Monday, September 24, 2007
Tort liability often turns to a substantial degree on an actor's good or bad luck. For example, a driver may be lucky to be more skilled than average, or unlucky to be less. Alternatively, she may be lucky to avoid hitting a pedestrian, or unlucky to hit him, or very unlucky to hit a person with an ‘eggshell skull.' Whether a person's conduct falls below the relevant standard of conduct, whether it causes injury, and how much liability results -- these matters determine whether someone is a tortfeasor and, if so, how much she will have to pay in damages. And yet each of these factors lies outside of her control. Because tort liability is sensitive to luck in these ways, scholars such as Christopher Schroeder and Jeremy Waldron have condemned tort law as morally arbitrary. Others, such as Justice Holmes and Judge Posner, have seized on tort law's luck-sensitivity to argue that tort - which seems on its face to be a law of wrongs - really has nothing to do with wrongs. Assessments of conduct as right and wrong, they suppose, cannot possibly attribute so much significance to dumb luck.

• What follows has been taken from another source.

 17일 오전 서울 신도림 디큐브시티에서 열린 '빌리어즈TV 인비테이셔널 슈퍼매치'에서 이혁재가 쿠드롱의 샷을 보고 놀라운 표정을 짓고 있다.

In this Article we are argue that the role of luck in torts does not undermine the case for understanding tort as a law of wrongs, nor does it make the case for dismissing tort law as morally arbitrary. Drawing upon the canonical articles on “moral luck” by Bernard Williams and Thomas Nagel, we argue that is false to suppose that an actor cannot be held responsible for having committed a wrong unless all the relevant features of the situation in which she acted were in principle subject to her control.

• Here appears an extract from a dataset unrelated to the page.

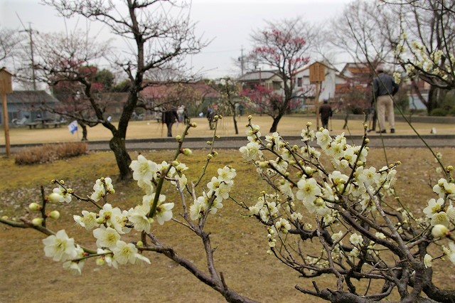 ![]() 梅園では楽しそうに、グランドゴルフに興じる元気なご老人達! |

The Article proceeds by distinguishing and explaining two aspects of tort law's luck-sensitivity: (1) luck regarding whether one's tortious conduct causes damage, and, if so, how much (“causal luck”); and (2) luck regarding whether one's efforts to comply with tort law's objective standards are successful (“compliance luck”). Causal luck, we argue, does not introduce objectionable arbitrariness into tort law. On the contrary, it is a natural and necessary feature of a body of law that is concerned to permit those who have been wronged to redress the wrongs done to them. As to the problem of compliance luck, we explain why it is sensible for courts and legislatures to fashion tort norms of conduct with external measures of compliance, and why such norms can properly count as norms that define “wrongs.” We conclude by suggesting that careful attention to the particular senses in which torts are wrongs not only entails the rejection of familiar critiques of tort, but also sheds light on values that tort law can serve within in our legal system, as well as the content and operation of legal and extra-legal notions of wrongdoing and responsibility.